The reply should hold only the lines below beginning at the one with "more often! |" and ending at the one with "Hardness behavior for", copied exactly, with every picture left out.
===== DATA SUPPLIED =====
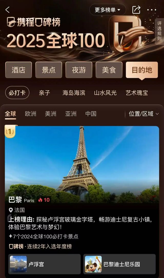 正是这次经历,让她开始将携程口碑榜纳入行前规划的必备环节。对她而言,这份榜单提供的推荐真实可靠,大大节省了筛选信息时消耗的心力。
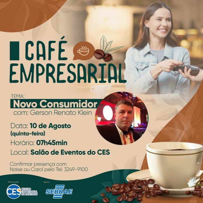 Na próxima quinta-feira, 10/8, o Centro Empresarial de Santiago (CES), em parceria com o Sebrae, promoverá um Café Empresarial. O tema da palestra será “O Novo Consumidor” e terá como palestrante o administrador Gerson Renato Klein. Devido aos lugares serem limitados, o CES solicita agendamento prévio através do fone 3249.9100 com Naíse ou Carol. O evento está marcado para as 7h45min.
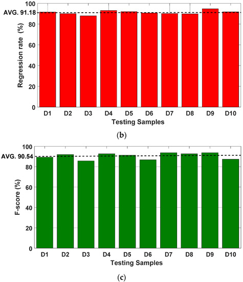 The training process comparison based on the damage identification test data for ten data sets of displacement. (a) Accuracy (). (b) Regression rate (). (c) F1-score ().
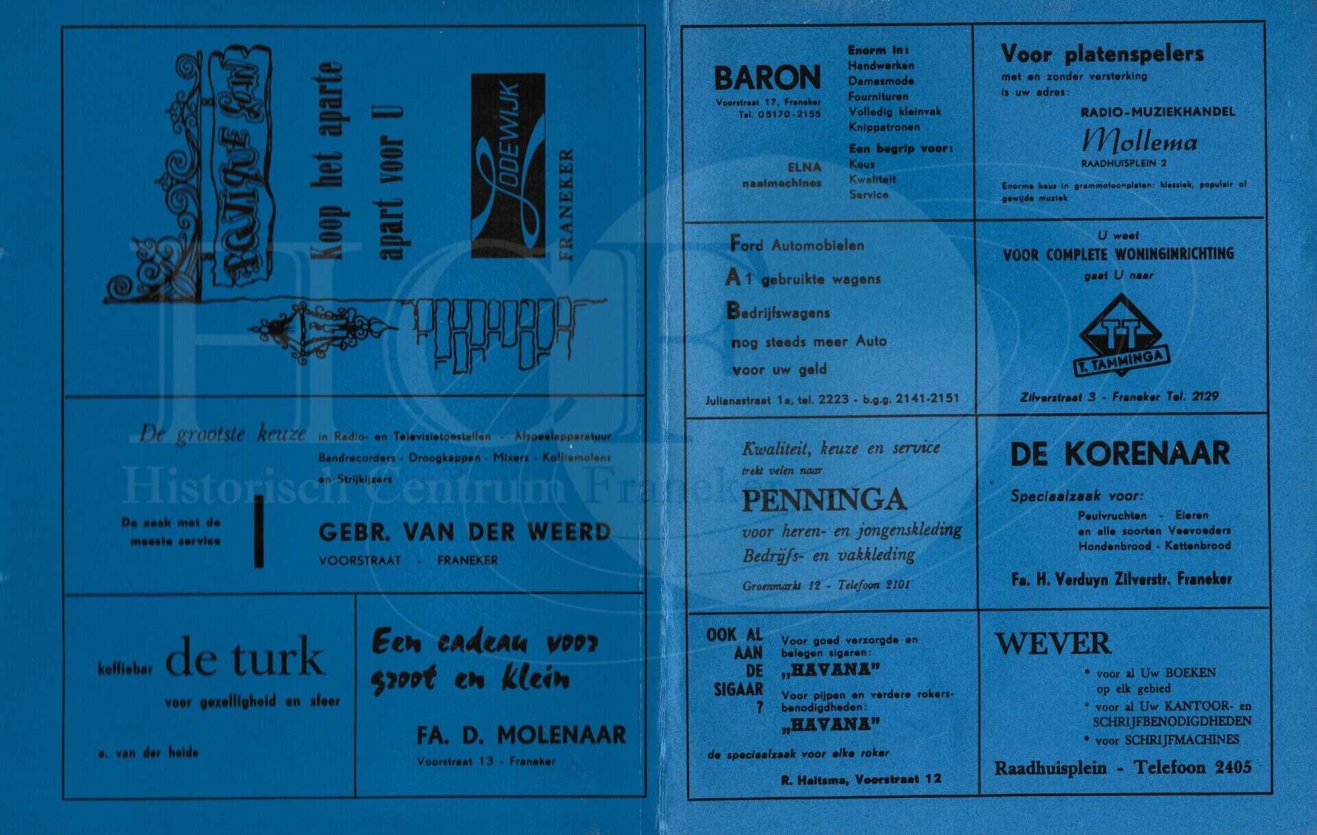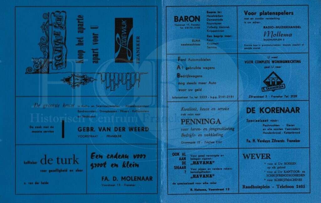 Beschrijving:It Fleurige Flittergat: 1969 6de jaargang nr. 4: Reklame; Lodewijk Textiel en kleding Voorstraat 5,23 en 34, Gebr. Van der Weert Voorstraat 25, Koffiebar De Turk, Fa.D. Molenaar Voorstaat 13, Baron naaimachines Voorstraat 17, Radio-muziekhandel Mollema Raadhuisplein 2 , F.A.B Julianastraat 1, Woninginrichting T.Tamminga Zilverstraat 3, Herenmode Penninga Groenmarkt 12, De Korenaar, zilverstraat 58, Sigarenmagazijn"Havana" K.Sijtsma Voorstraat 12, Boekhandel Wever Raadhuisplein 4
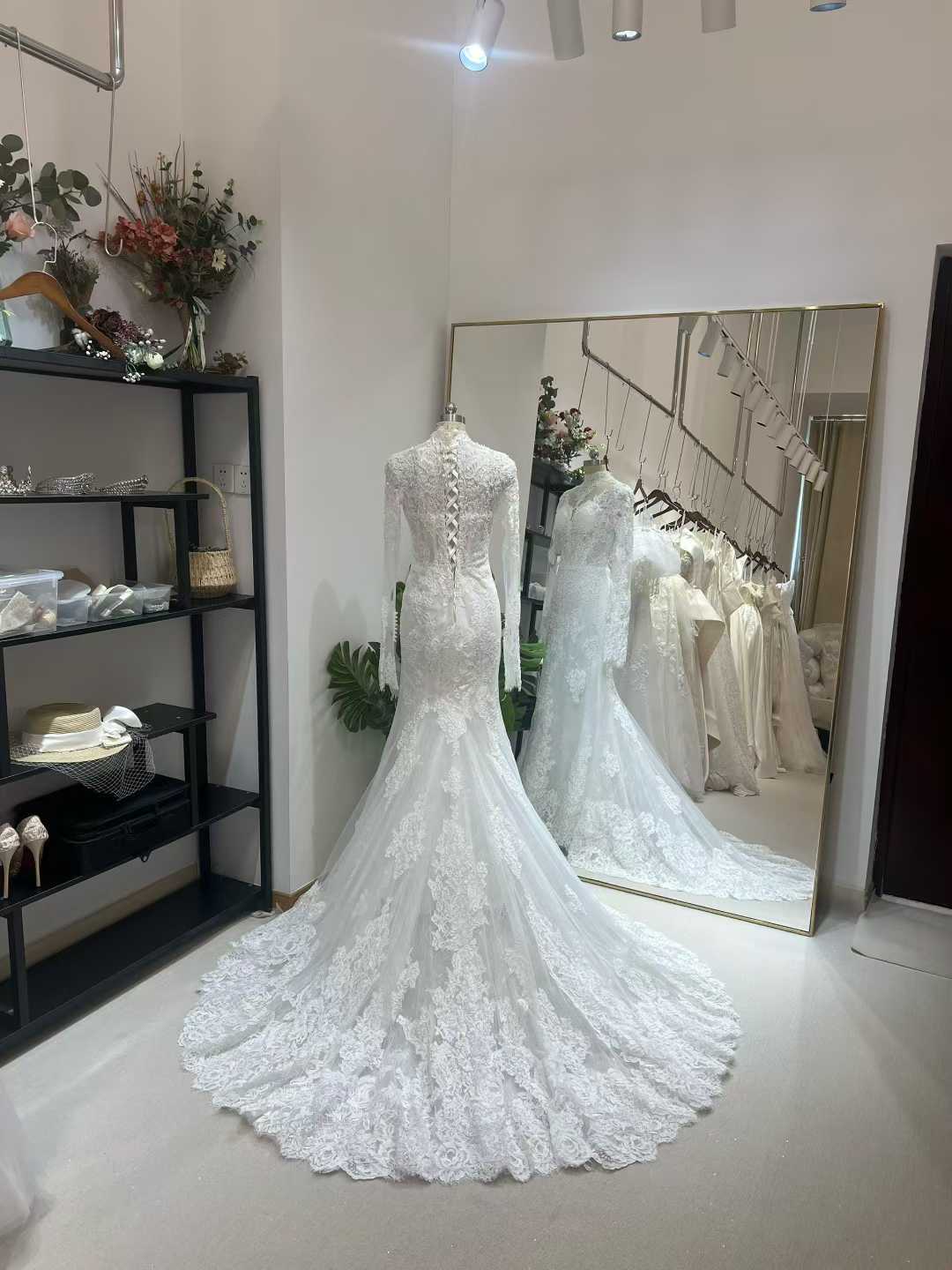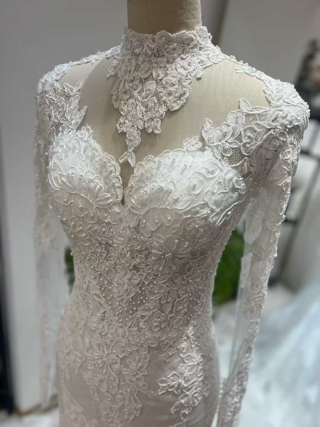 ウェディングドレス ハイネック 長袖 トレーン マーメイド 結婚式 憧れのドレス 優雅なシルエット
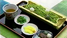 夏のお勧めは抹茶を練り込んだ素麺
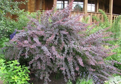The Silver Miles hybrid barberry looks quite like the purple-leaved Japanese barberry( atropurpurea) with a more interesting folliage. It shows intermediate characteristics of both of its parents: European barberry (Berberis vulgaris) and Japanese barberry (B. thunbergii)). It has deep red-purple foliage with splotches or blushing hints of silver-gray. This barberry develops into a tall, rounded to spreading mounded deciduous shrub.
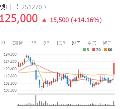 개인, 외국인 사자 폭발... 넷마블 14% 훨훨 12만 5000원
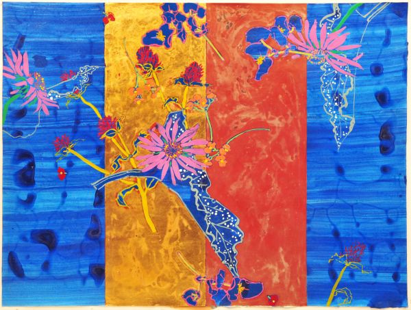 acrylique, feuille d'or, mica sur papier japonais datée de 2011, signé au dos " 2011-17 Robert Kushner Summer Scattered "
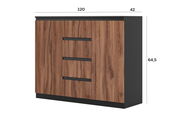 Комод 2Д4Ш Фріда Світ Меблів сміливе поєднання сучасного стилю та індустріальної естетики з нотками класичної елегантності, який привнесе в інтер'єр виразність, контрастність і витончену гармонію, даючи змогу створити унікальний простір у будь-якій кімнаті. Комод має чотири просторі висувні шухляди і два закритих відділення, пропонуючи бездоганну організацію зберігання, даючи змогу легко сортувати речі залежно від ваших потреб. Комод вражає суворим мінімалізмом, де лаконічні лінії та відсутність традиційних ручок створюють атмосферу стриманої елегантності, а фрезеровані виїмки на фасадах із контрастними планками стають стильними акцентами, водночас міцна основа гарантує стійкість, а фірмові комплектуючі забезпечують плавність і легкість в експлуатації. Меблі Фріда дуб ліворно Світ Меблів - справжній витвір мистецтва, що наповнить простір глибиною і виразністю, створюючи атмосферу затишку і гармонії в будь-якому куточку вашого будинку.
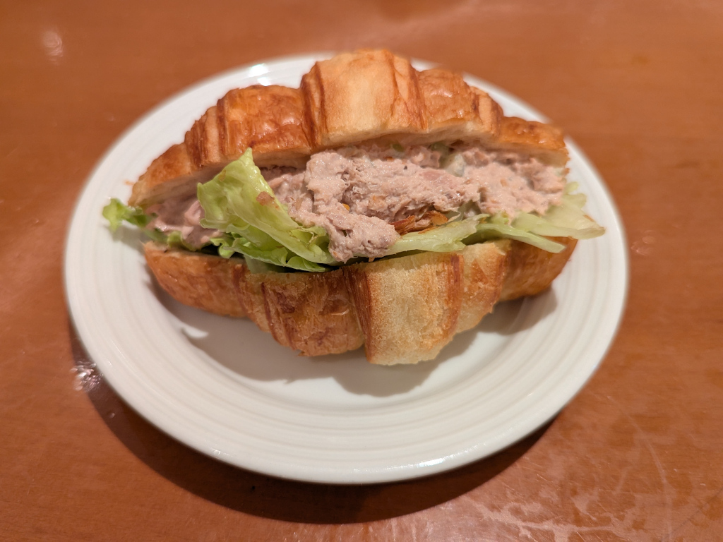 ![]() A little before 1:00, we made our way down to the Piazza for another dance class that Mei-O wanted to attend. The International Cafe, just off the Piazza, was another source of free food for us, and we hadn't tried it yet. We were just going to take a look to see what kinds of offerings they had, and Mei-O decided we should try this, tuna salad on a croissant roll, and it was really good. We put it in our mind that we should try this place more often! |
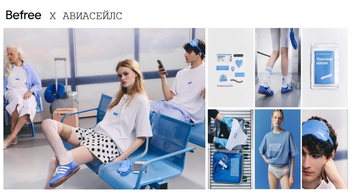 Befree × Aviasales Кейс, запущенный в отпускной сезон. Это возможность поддержать продажи не только fashion-бренда, но и привлечь внимание к сервису покупки авиабилетов в самый горячий сезон перелётов. Капсула проста и недорога по себестоимости — «набор путешественника»: футболки, бельё, носки, маска для сна в самолёте и бирка для багажа. Всё объединено фирменным синим оттенком Aviasales Cheap Blue, ставшим визуальным символом дешёвых билетов и спонтанных путешествий. #PROfashion_приглашает Галина Кравченко-Манюкова, «ГАЛИНА КРАВЧЕНКО-МАНЮКОВА | FASHION | КОНСАЛТИНГ»
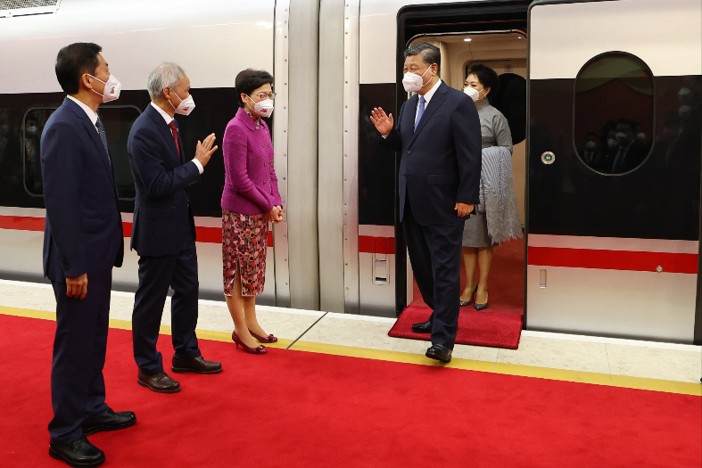 习近平和夫人彭丽媛步出车厢,香港特别行政区行政长官林郑月娥和丈夫林兆波上前迎接。
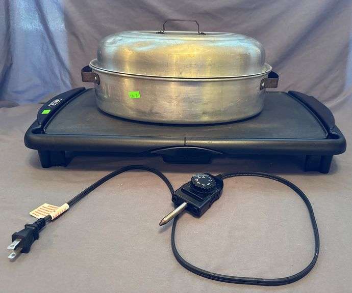 Bella electric griddle featuring a detachable 23” cord, adjustable temperature control, and non-stick cooking surface. Includes 14”x6” aluminum covered roaster. Surface and components show wear consistent with prior use.
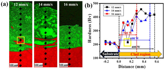 Hardness behavior for various laser traverse speeds (12−16 mm/s): (a) hardness measurement area, (b) hardness distribution in the clad specimens.
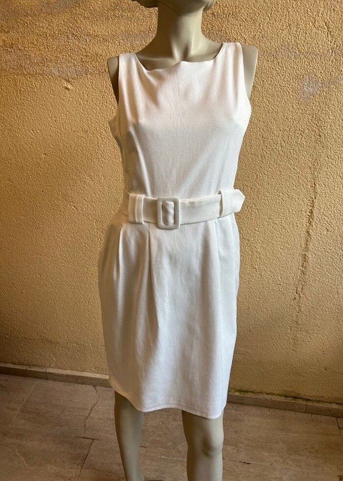 Belden kemerli sıfır kol diz boylarında elbise. Orjinal marka, ürünün hiçbir kusuru yok
=====
**ANSWER SPACE:**
 ![]() A little before 1:00, we made our way down to the Piazza for another dance class that Mei-O wanted to attend. The International Cafe, just off the Piazza, was another source of free food for us, and we hadn't tried it yet. We were just going to take a look to see what kinds of offerings they had, and Mei-O decided we should try this, tuna salad on a croissant roll, and it was really good. We put it in our mind that we should try this place more often! |
 Befree × Aviasales Кейс, запущенный в отпускной сезон. Это возможность поддержать продажи не только fashion-бренда, но и привлечь внимание к сервису покупки авиабилетов в самый горячий сезон перелётов. Капсула проста и недорога по себестоимости — «набор путешественника»: футболки, бельё, носки, маска для сна в самолёте и бирка для багажа. Всё объединено фирменным синим оттенком Aviasales Cheap Blue, ставшим визуальным символом дешёвых билетов и спонтанных путешествий. #PROfashion_приглашает Галина Кравченко-Манюкова, «ГАЛИНА КРАВЧЕНКО-МАНЮКОВА | FASHION | КОНСАЛТИНГ»
 习近平和夫人彭丽媛步出车厢,香港特别行政区行政长官林郑月娥和丈夫林兆波上前迎接。
 Bella electric griddle featuring a detachable 23” cord, adjustable temperature control, and non-stick cooking surface. Includes 14”x6” aluminum covered roaster. Surface and components show wear consistent with prior use.
 Hardness behavior for various laser traverse speeds (12−16 mm/s): (a) hardness measurement area, (b) hardness distribution in the clad specimens.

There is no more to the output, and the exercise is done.